Copy out precisely the lines from the start of the data through the line with "1、进入小生活悠闲小镇物语完整版游戏后一直往左走,来到como公寓。", and keep pictures out of it.
-------- DATA RECORDS --------
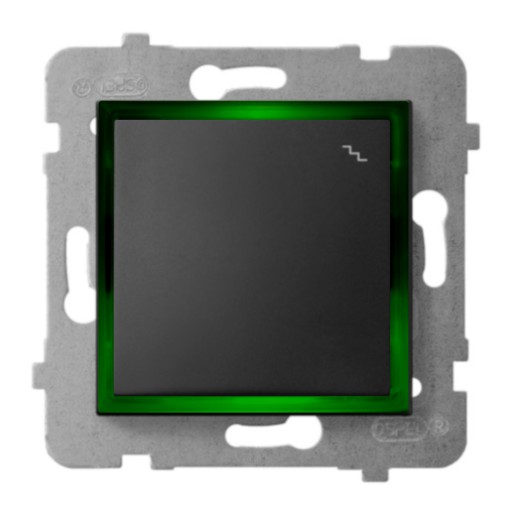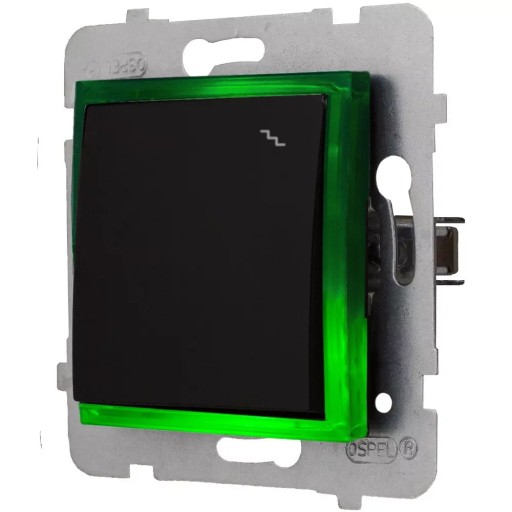 Włącznik Ospel Aria z podświetleniem Led. Podświetlenie w formie diody montowanej pod klawiszem z przezroczystą ramką otaczającą klawisz. W jasno oświetlonych pomieszczeniach dioda jest ledwo widoczna a po zmroku zapewnia niesamowity efekt. Po włączeniu oświetlenia żarówka gaśnie. Lampa, która jest zapalana włącznikiem może wymagać zamontowania kondensatora w przypadku gdy żarówka lampy będzie delikatnie świecić - takie zjawisko może wystąpić w niektórych lampach led lub żarówkach led.
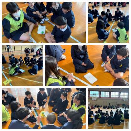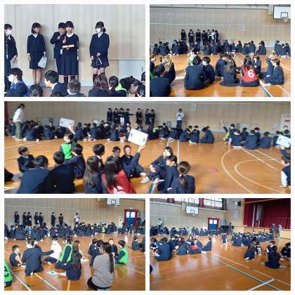 たてわり班で相談して3択から答えを選び、ホワイトボードにかいています。
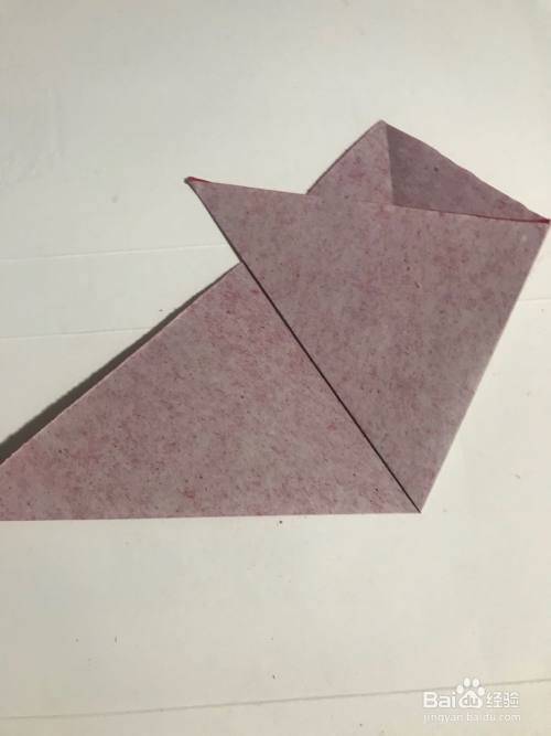 第三步 右下角向左上三分之一处折好之后 再拿起左下角向右上三分之一处折叠 然后左右调整一下 均匀地分成三等分
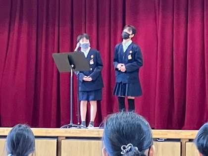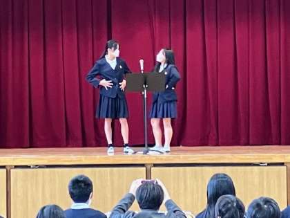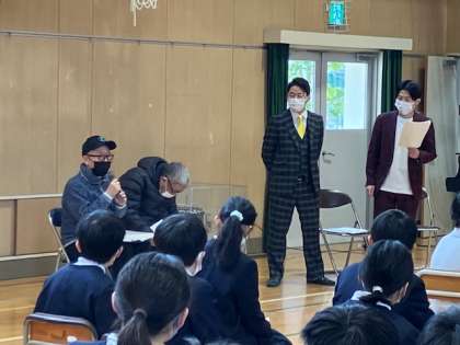 2時間めにプロの芸人さんからのアドバイスももらって練習し、3・4時間めに講堂の舞台で5年生全員がコンビで漫才を披露しました。
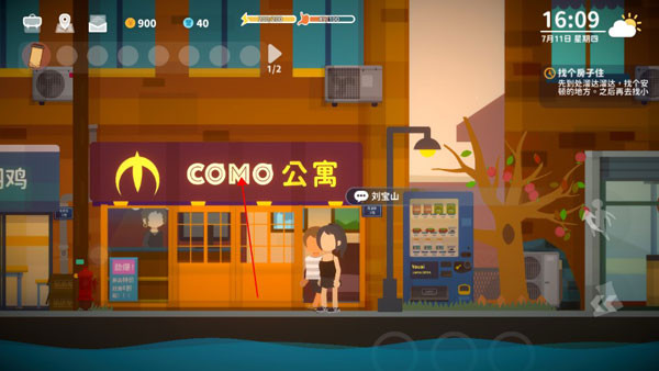 1、进入小生活悠闲小镇物语完整版游戏后一直往左走,来到como公寓。
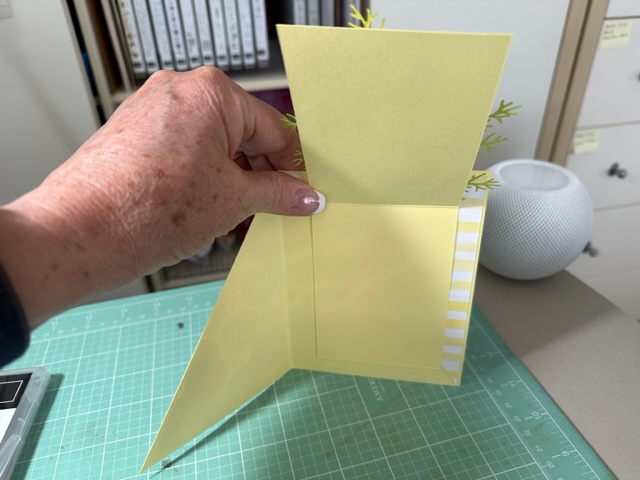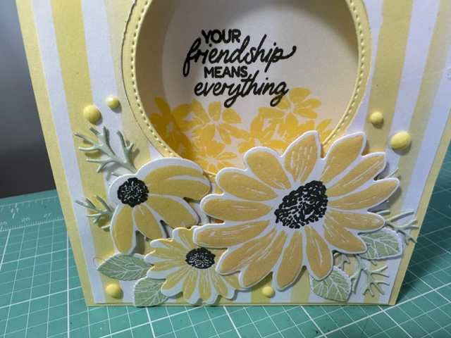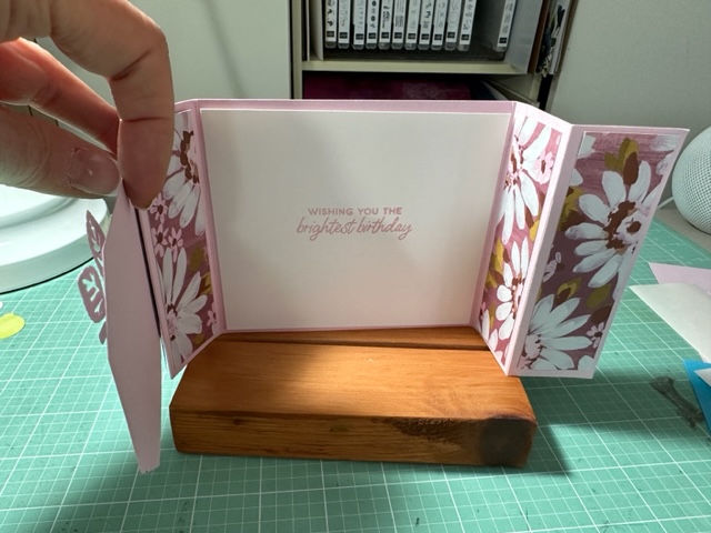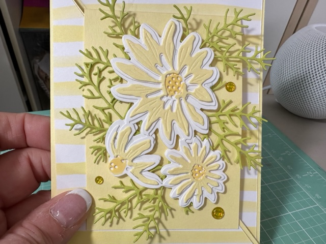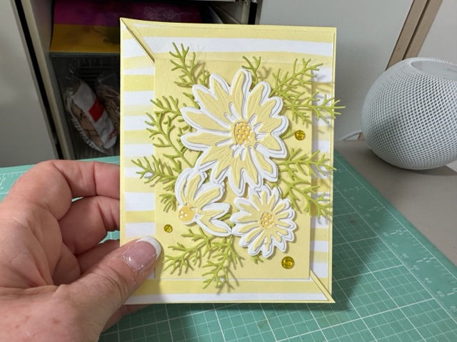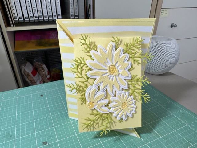 Love the Cheerful Daisy bundle 161297 and all the beautiful cards you can make with this set. I love the Lemon Lolly card stock and then we we had the Bright & Beautiful DSP 161449 to the front and then the pretty colored stamped and cute out Flowers, leaves and the cole hole, it make a great fun fold. I cased this card from a Fun Fold Class by on y go stamping with Heide Collins Video on 5/3/23. Check out her video on to make this fun fold.
--------
• SOLVED PROBLEM:
 Włącznik Ospel Aria z podświetleniem Led. Podświetlenie w formie diody montowanej pod klawiszem z przezroczystą ramką otaczającą klawisz. W jasno oświetlonych pomieszczeniach dioda jest ledwo widoczna a po zmroku zapewnia niesamowity efekt. Po włączeniu oświetlenia żarówka gaśnie. Lampa, która jest zapalana włącznikiem może wymagać zamontowania kondensatora w przypadku gdy żarówka lampy będzie delikatnie świecić - takie zjawisko może wystąpić w niektórych lampach led lub żarówkach led.
 たてわり班で相談して3択から答えを選び、ホワイトボードにかいています。
 第三步 右下角向左上三分之一处折好之后 再拿起左下角向右上三分之一处折叠 然后左右调整一下 均匀地分成三等分
 2時間めにプロの芸人さんからのアドバイスももらって練習し、3・4時間めに講堂の舞台で5年生全員がコンビで漫才を披露しました。
 1、进入小生活悠闲小镇物语完整版游戏后一直往左走,来到como公寓。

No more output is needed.